Foreign investors in Australian residential property are paying far more in stamp duty compared to local owners and investors, according to a new report from the Housing Industry Association (HIA).
The HIA said foreign purchasers of a median priced unit or apartment in Sydney ($747,000 as of the July quarter) were required to fork out $93,865 in stamp duty and other transaction taxes. This equates to more than three times the $29,105 which local owners and investors pay on an equivalent property, and added around one-eighth of the cost of the acquisition over and above the purchase price.
Non-residents in other states are also paying more in stamp duty and other transaction taxes.
Compared with the $26,870 and $12,145 in stamp duty paid by local buyers for average-priced units in Melbourne and Brisbane ($530,000 and $392,000 respectively), foreign buyers would be required to pay $68,970 and $28,905 on these same units respectively.
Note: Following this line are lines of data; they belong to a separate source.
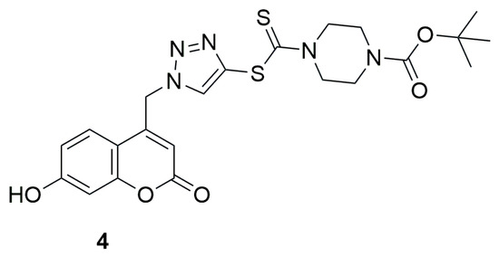 Structure of coumarin derivative 4-(((1-((7-hydroxy-2-oxo-2H-chromen-4-yl)methyl)-1H-1,2,3-triazol-4-yl)thio)carbonothioyl)piperazine-1-carboxylate (4).
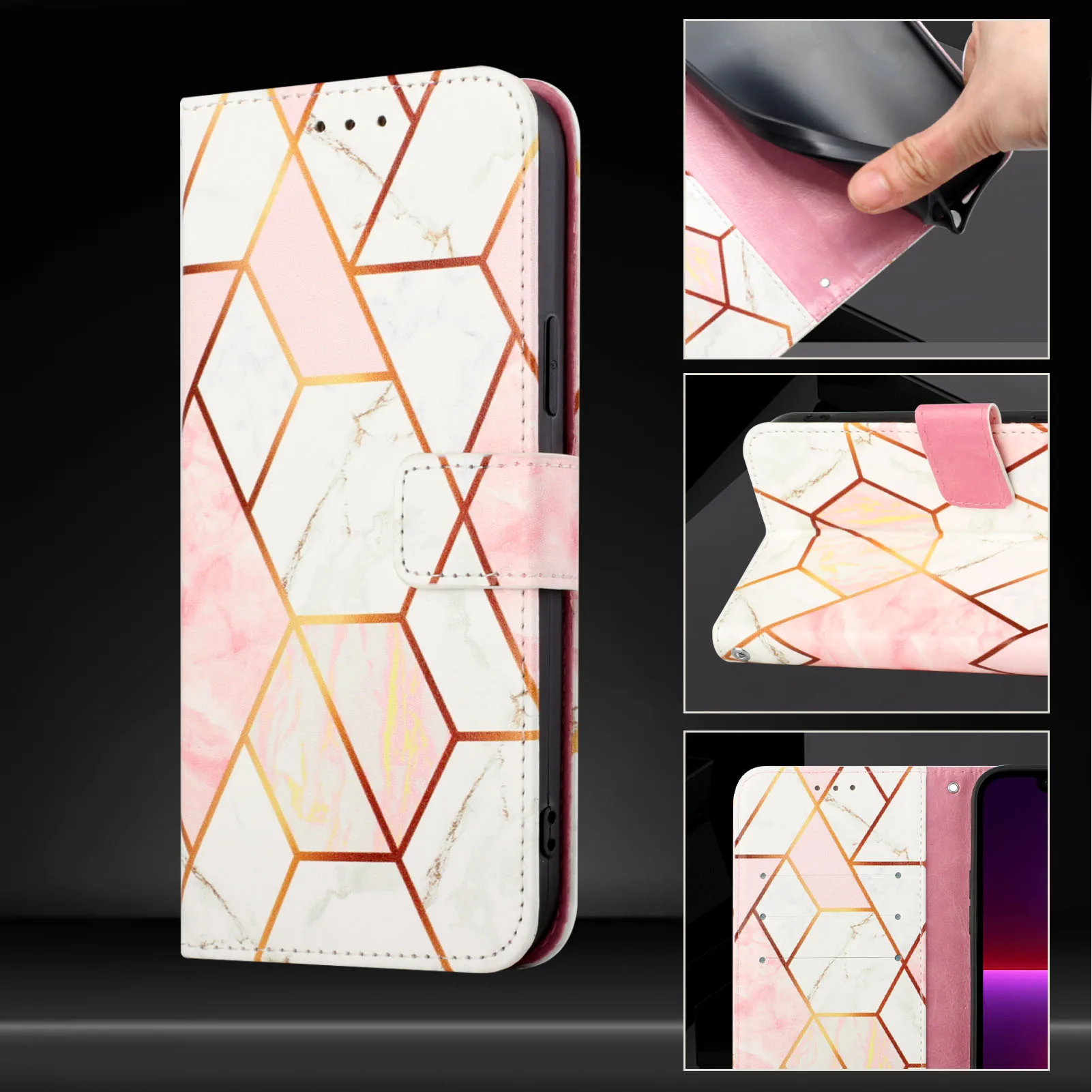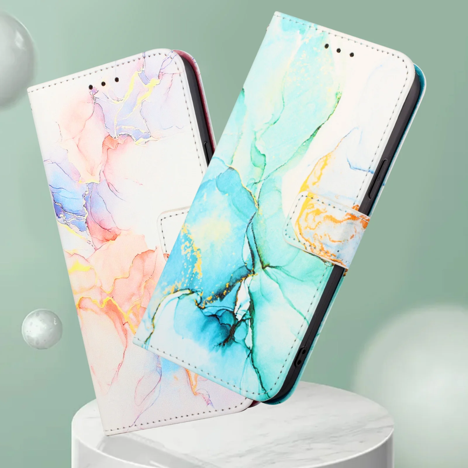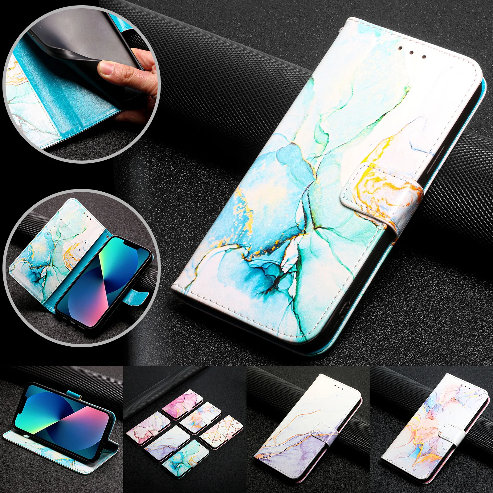 Comprar Funda tipo billetera de cuero con tapa de mármol para iPhone, 13, 12, 11 Pro Max, SE 2020, XR, XS, 6s, 7, 8 Plus
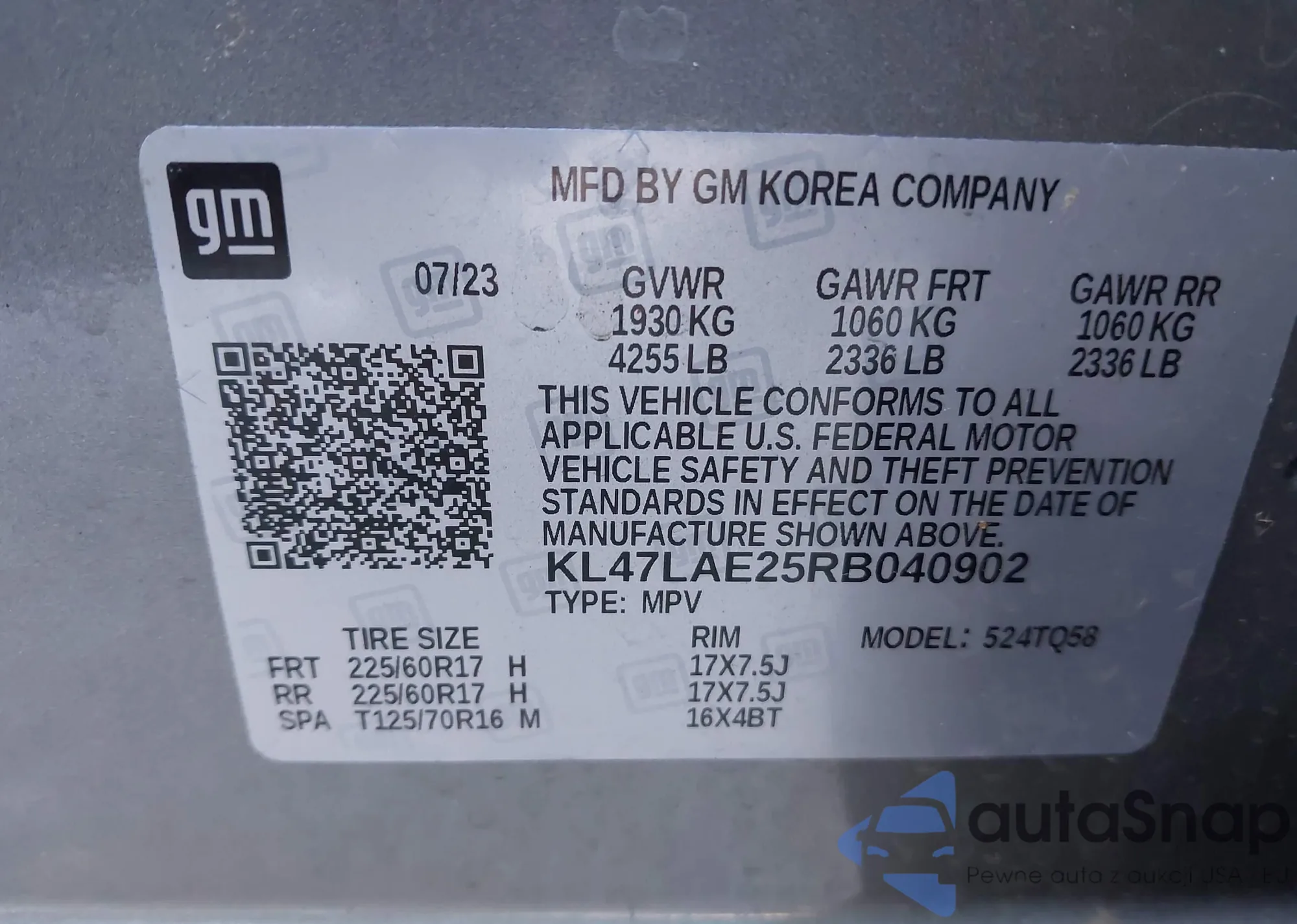 VIN: KL47LAE25RB040902
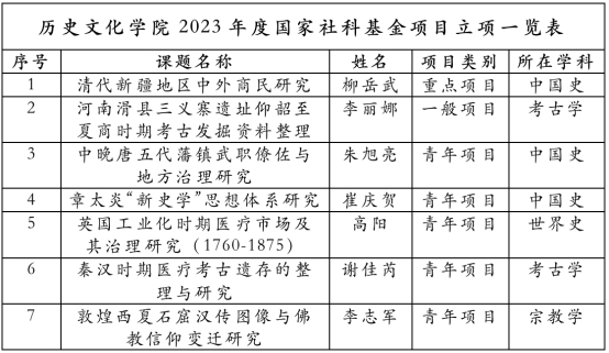 共获批7项,立项数并列全校第一。其中重点项目1项,一般项目1项,青年项目5项,涵盖中国史、世界史、考古学、宗教学等4个学科,展现了学院中青年科研骨干良好的发展势头。学院历来高度重视国家社会科学基金项目的申报工作,不断凝练经验、提前谋划、持续培育、广泛动员,在选题论证、申报书撰写、经验分享、专家指导等方面采取了一系列切实有效措施,为课题立项再创佳绩打下了坚实基础。2017年河大入选“双一流”建设高校以来,麻豆社
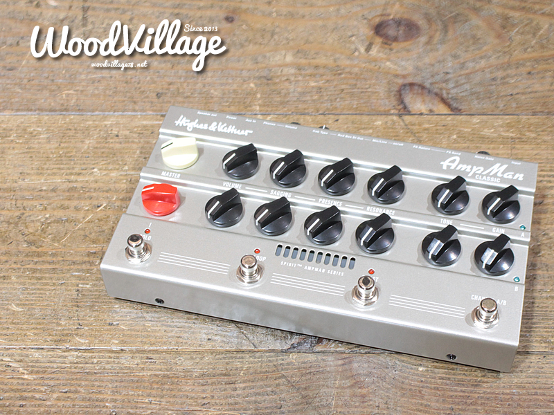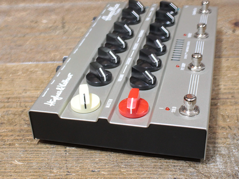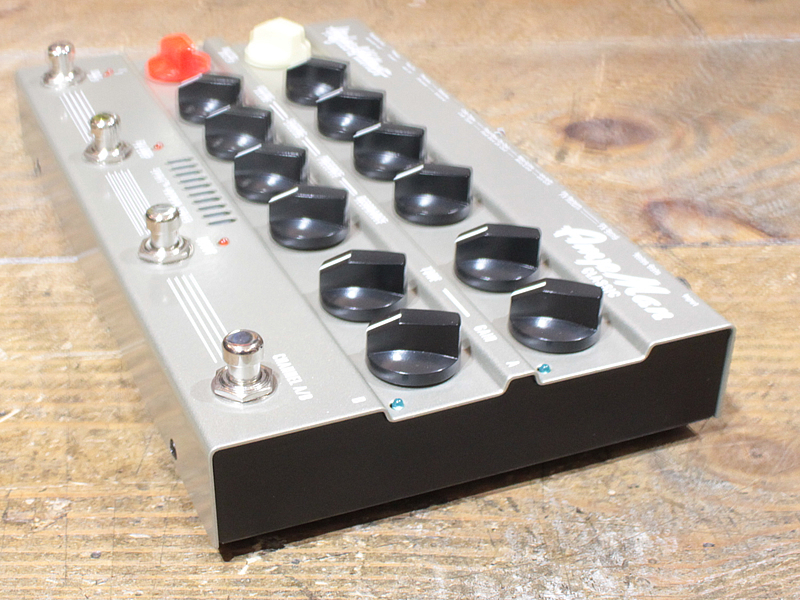 一世を風靡したケトナーのチューブプリアンプTUBEMAN。その意思を受け継ぐペダル型アンプAMPMANです。独立した2チャンネル仕様でエフェクトループ、ノイズゲートも搭載。トレブルなどの通常のEQは無く、TONEとPRESENCE、RESONANCEの3つで帯域を調節します。SAGGINGノブがおもしろく、パワーアンプの負荷具合を調整することができます。上げすぎると潰れた感じになりますが、良い塩梅で調節すると小音量でも、チューブアンプを大音量にセットした際の独特の粘り気ある勢いが感じられるのが心地良い。ブースト量固定のプリブースト(BOOST)と、赤いノブで可変するMASTERと6dBの差をつけられるSOLOがありがたい。
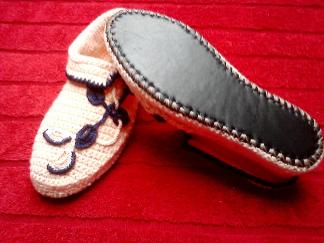 Тапочки женские. Длина 24 см. Ручная работа. Материал- акрил, войлочная основа, обшита кожзаменителем. Цена 400 крон
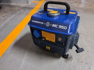 Generador eléctrico portátil de gasolina. - Modelo: MC 950. - Color azul. - Asa de transporte superior. Solo se ha puesto en marcha 2 veces.
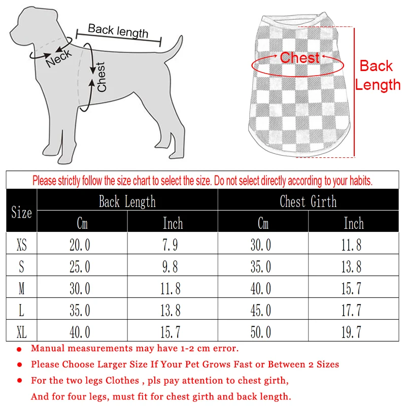 Para la ropa de dos piernas, preste atención a la circunferencia del pecho, y para las cuatro piernas, debe adaptarse a la circunferencia del pecho y la longitud de la espalda.
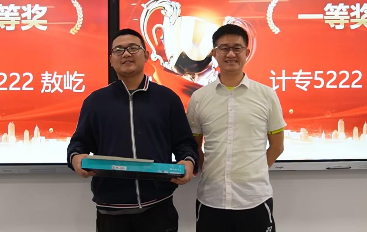 根据竞赛实施办法有关精神,经笔试、机试、教师指导组评审、会议研究等程序,最终成绩揭晓:敖屹同学荣获一等奖;祝成贽、刘成富同学荣获二等奖;罗玙、李向阳和胡启明荣获三等奖。随后院领导为获奖员工颁奖。
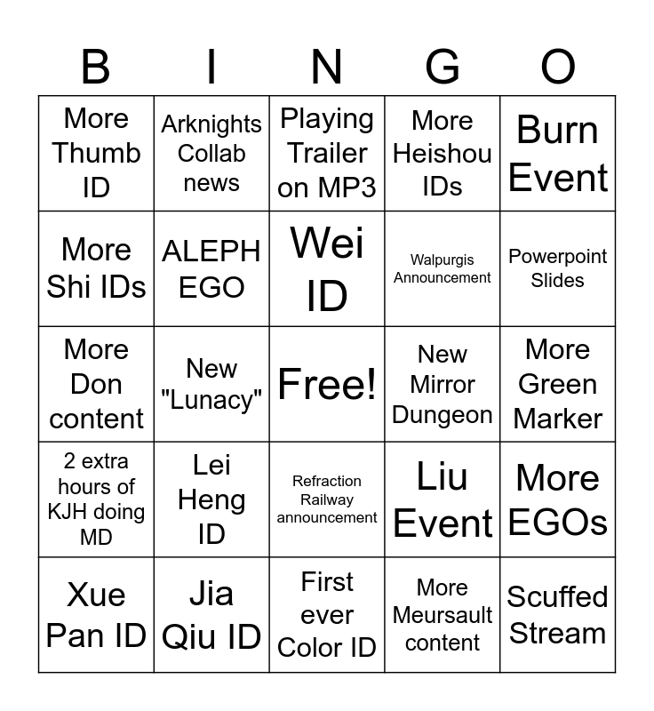 This bingo card has a free space and 24 words: Lei Heng ID, Jia Qiu ID, Wei ID, Xue Pan ID, Burn Event, More Thumb ID, More Shi IDs, Arknights Collab news, New Mirror Dungeon, Refraction Railway announcement, Walpurgis Announcement, More Don content, Liu Event, More EGOs, ALEPH EGO, More Meursault content, More Green Marker, Playing Trailer on MP3, Powerpoint Slides, New "Lunacy", Scuffed Stream, 2 extra hours of KJH doing MD, More Heishou IDs and First ever Color ID.
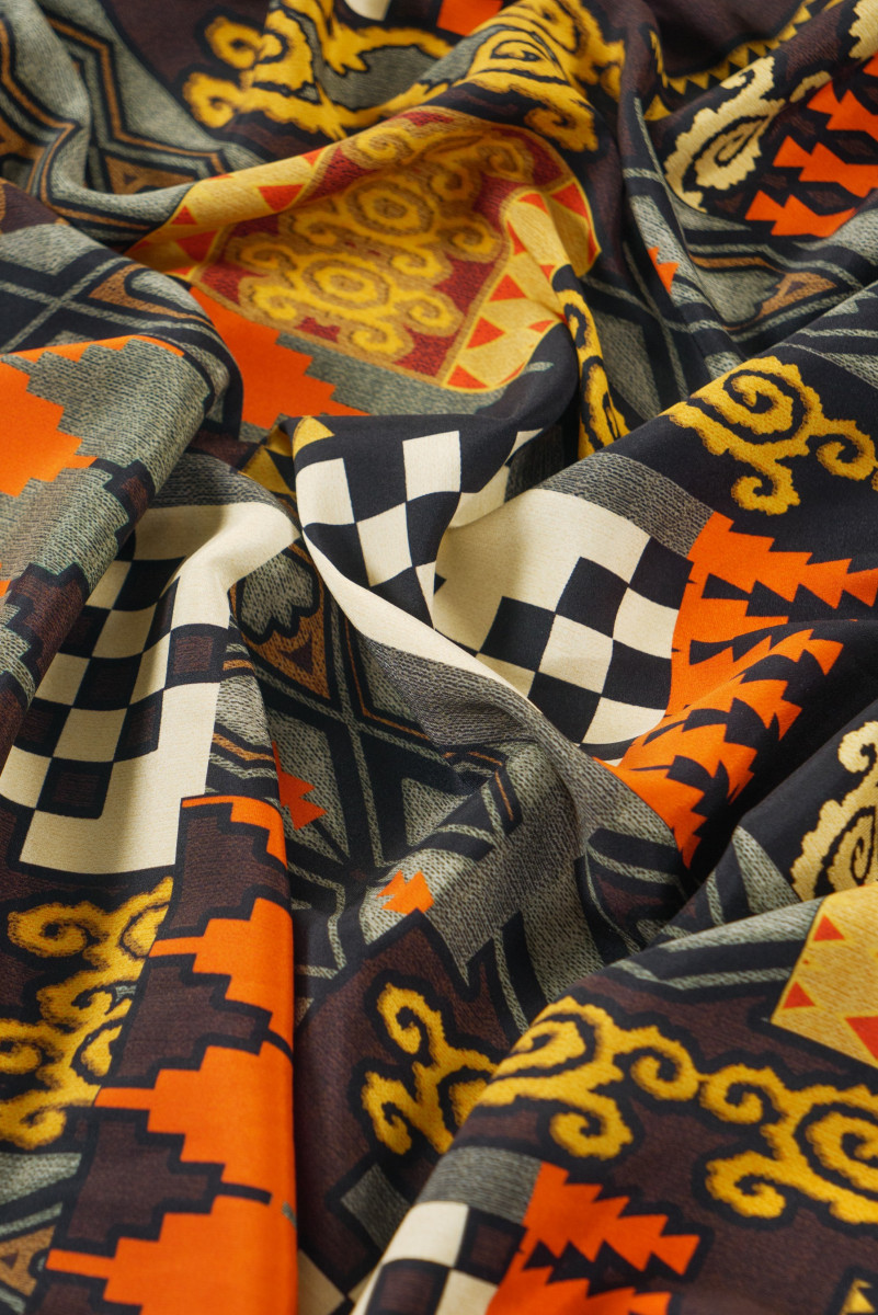 Itaalia siidist satiin etniliste motiividega järgmistes värvides: pruun, must, punane, beež. Stretch, pehme, voolav kangas - trükkimine toimub kanga mattpoolsel küljel. Siidsatiin on õrn kangas, sametine. Seda saab kasutada õhuliste kleitide, õrnade pluuside, sallide, sallide väljameelitamiseks.
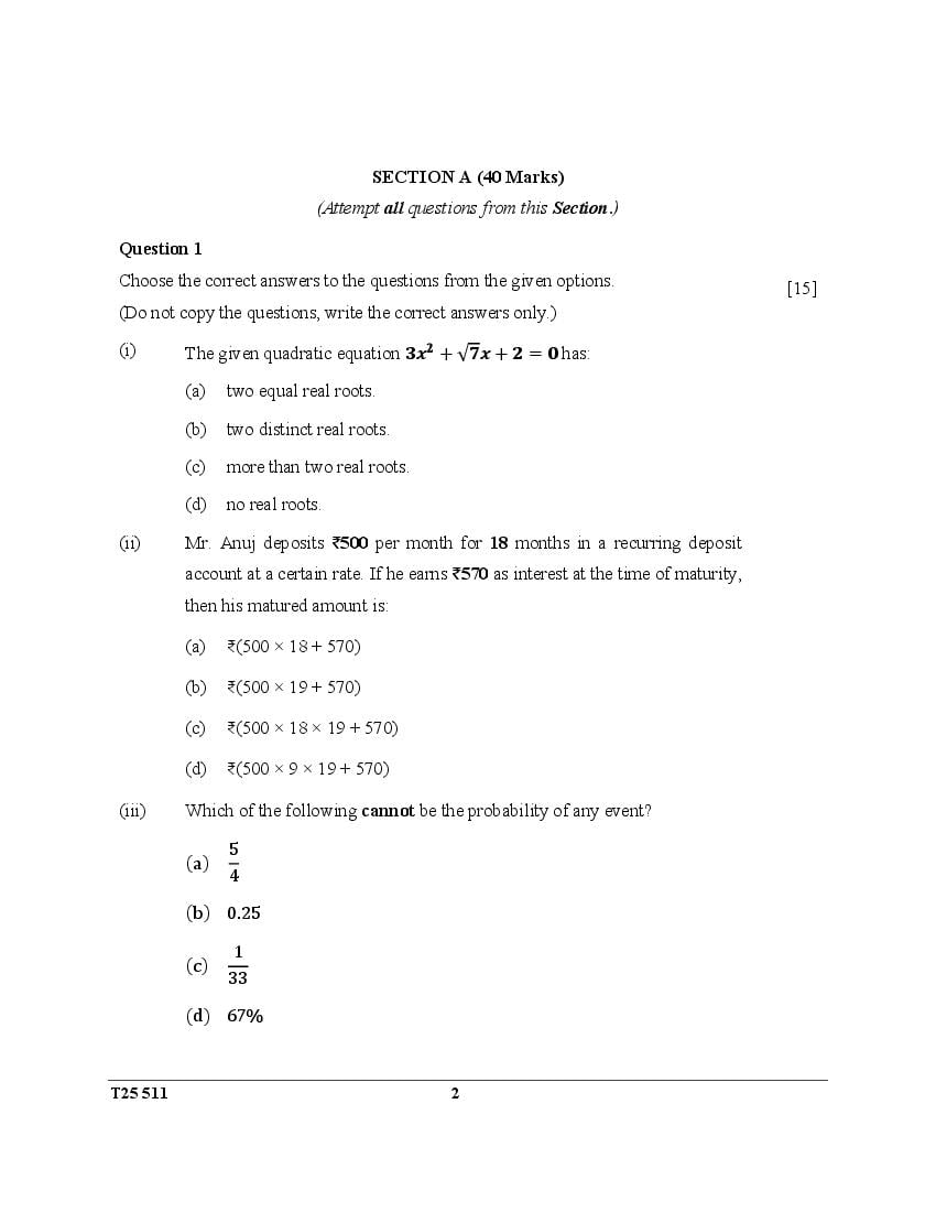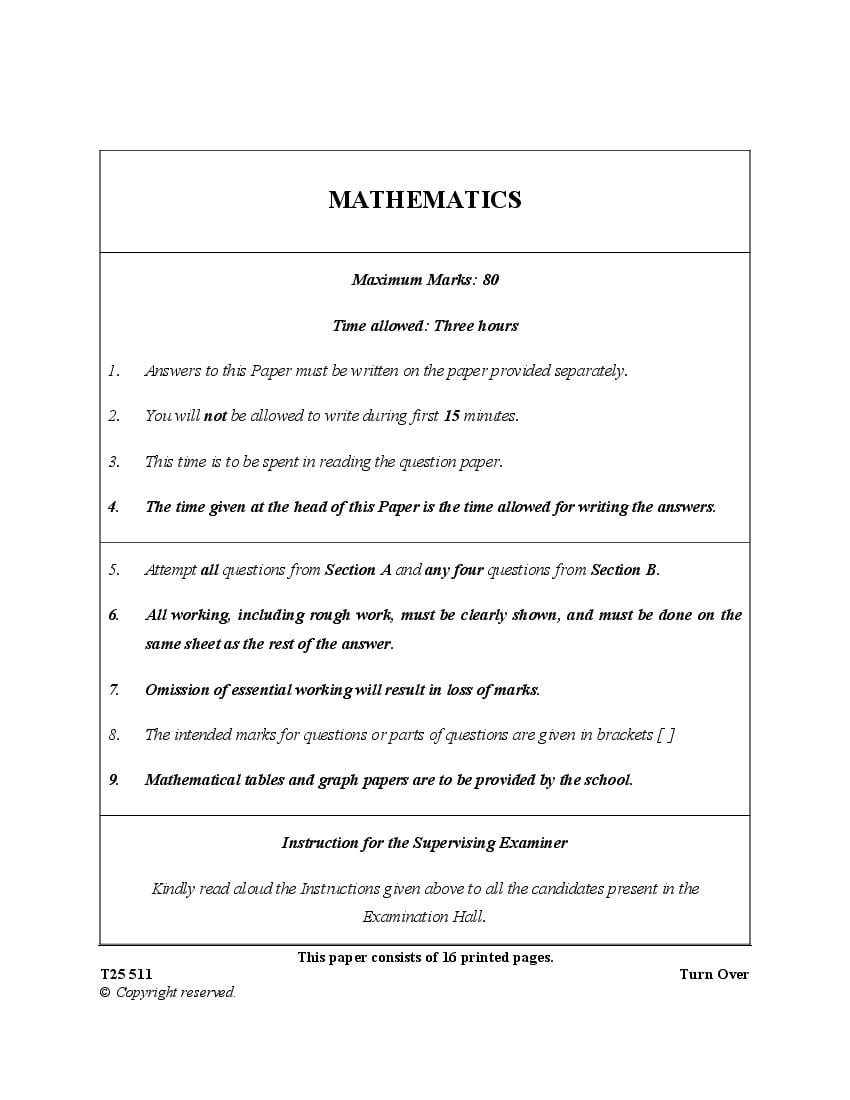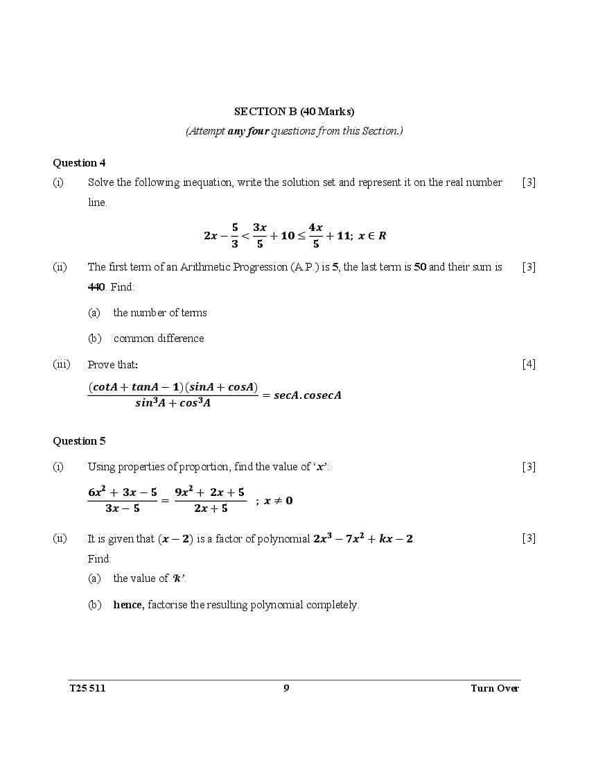 ICSE Class 10 Question Paper 2025 Maths View Download

HIA’s latest report comes as cash-strapped governments around Australia rush to follow the lead set by Victoria in 2015 and raise money by levying stamp duty surcharges on foreign buyers, which are applied over and above any duties paid by regular investors.
In New South Wales and Queensland, surcharges equivalent to 8% and 3% of the purchase price have been applied since July 1, 2017 and October 1, 2016 respectively.
Moreover, foreign investors who want to purchase residential property in Australia have to pay $5,000 in application fees to the federal government for their application to purchase property to be processed.
Australian governments consider the heftier surcharges imposed on foreign investors to be a politically harmless means of raising much needed cash.